THE ROLE OF PROTEOGLYCAN SULFATION IN SKELETAL DEVELOPMENT AND MAINTENANCE: AN IN VIVO APPROACH WITH A MOUSE MODEL OF DIASTROPHIC DYSPLASIA

Mutations in the diastrophic dysplasia sulfate transporter (DTDST) gene cause a family of recessive diseases including in order of increasing severity a form of multiple ephiphyseal dysplasia, diastrophic dysplasia (DTD), atelosteogenesis type 2 and achondrogenesis 1B. The main biochemical consequence of sulfate transport impairment is cartilage proteoglycan (PG) undersulfation that affect skeletal development and growth. We have recently generated the first mouse strain (dtd mouse) with a mutation in the Dtdst gene previously identified in a DTD patient with marked short stature, bilateral clubfoot, characteristic hand deformities, progressive kyphoscoliosis and joint stiffness and we have demonstrated that this mouse model reproduces at the clinical, morphological and biochemical level the skeletal phenotype of human DTD. Biochemical studies performed so far have suggested that any terapy aimed at normal sulfate level restoration might be useful to ameliorate patient conditions.
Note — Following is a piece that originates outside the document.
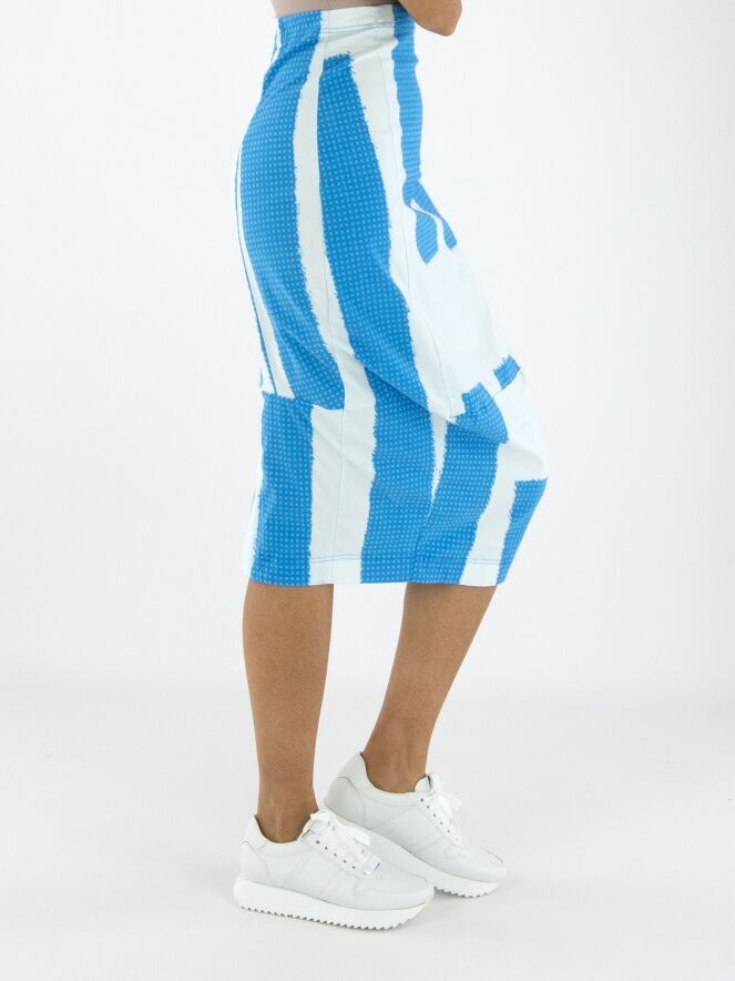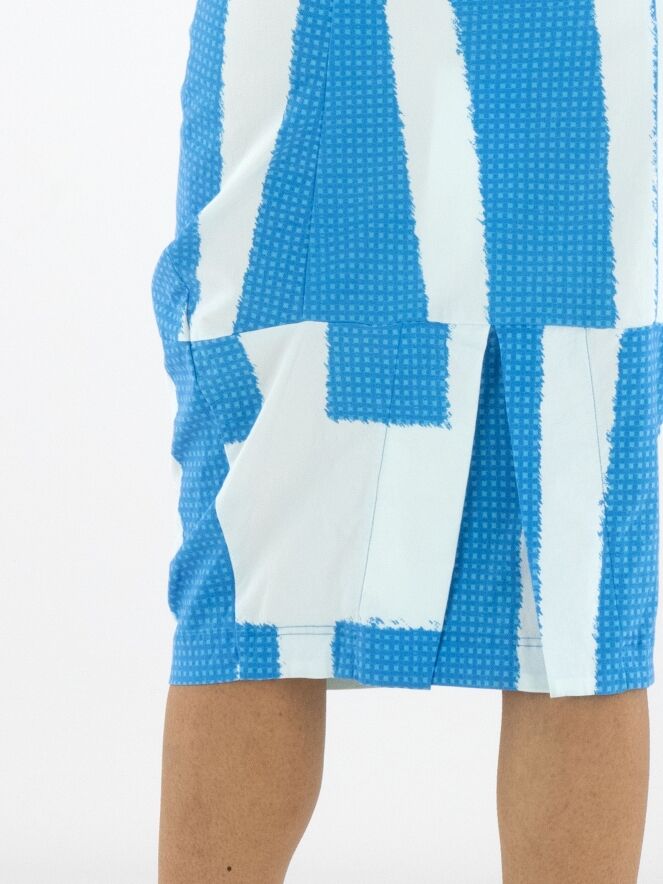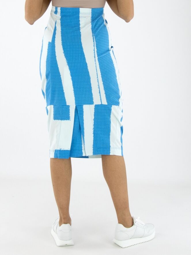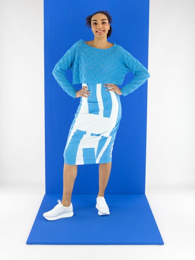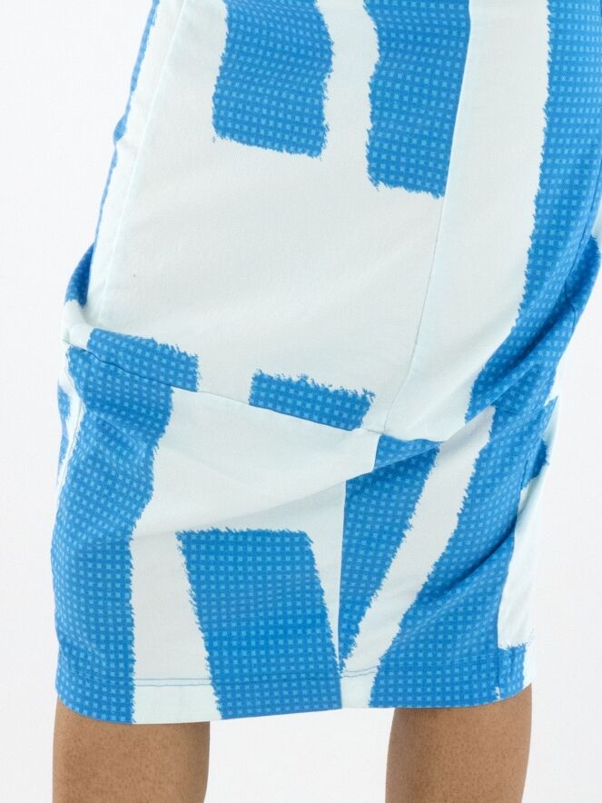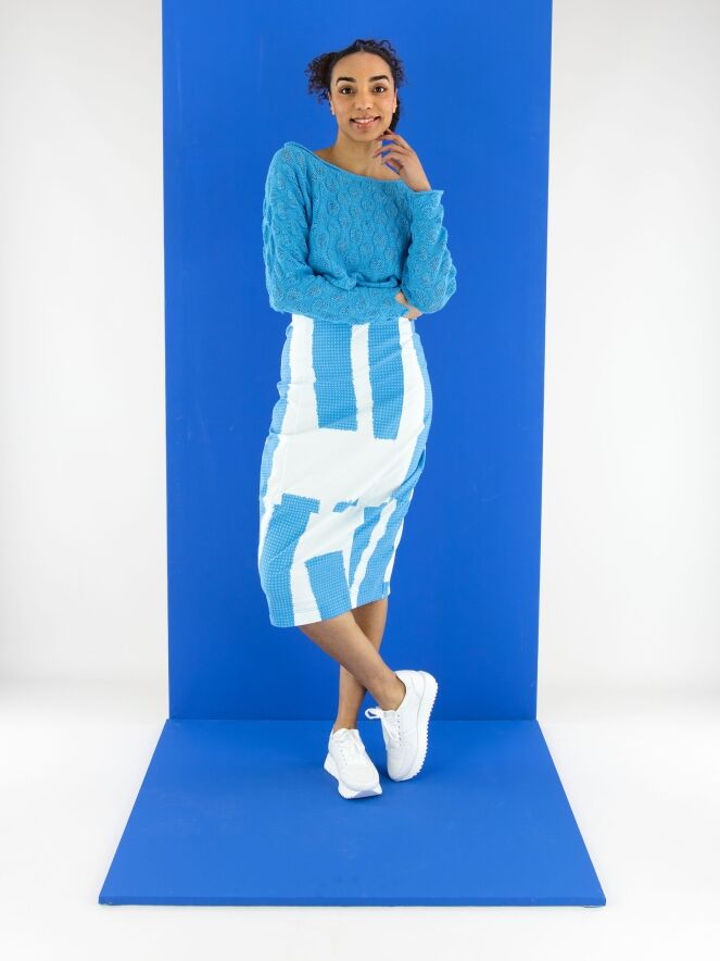 Une jupe de Rundholz Black Label avec un imprimé composé de plusieurs panneaux à motifs de petits carreaux dans des nuances de bleu vif, associés à des parties en uni blanc crème avec une touche subtile de bleu glacé. La taille est élastique. La jupe s’affine vers le bas et n’est pas doublée. Cette jupe peut être lavée à 30 degrés.

The dtd mouse strain we have generated is a useful tool to explore pathogenetic and therapeutic aspects of DTDST disorders which can not be obtained for ethical reasons in humans. The objective of the proposal are: a) how PG undersulfation affects chondrocyte proliferation and differentiation in the growth plate, b) how PG undersulfation causes an osteopenic phenotype, c) the role of heparan sulfate PGs in FGF signaling, d) other pathways of sulfate recruitment to increase PG sulfation. These studies will allow a better understanding of the molecular basis of DTDST chondrodysplasias and the development of new strategies of pharmacological treatment considering the starting age of tissue alteration and the specific area of the tissue (different zones of the growth plate) to be targeted by the drug.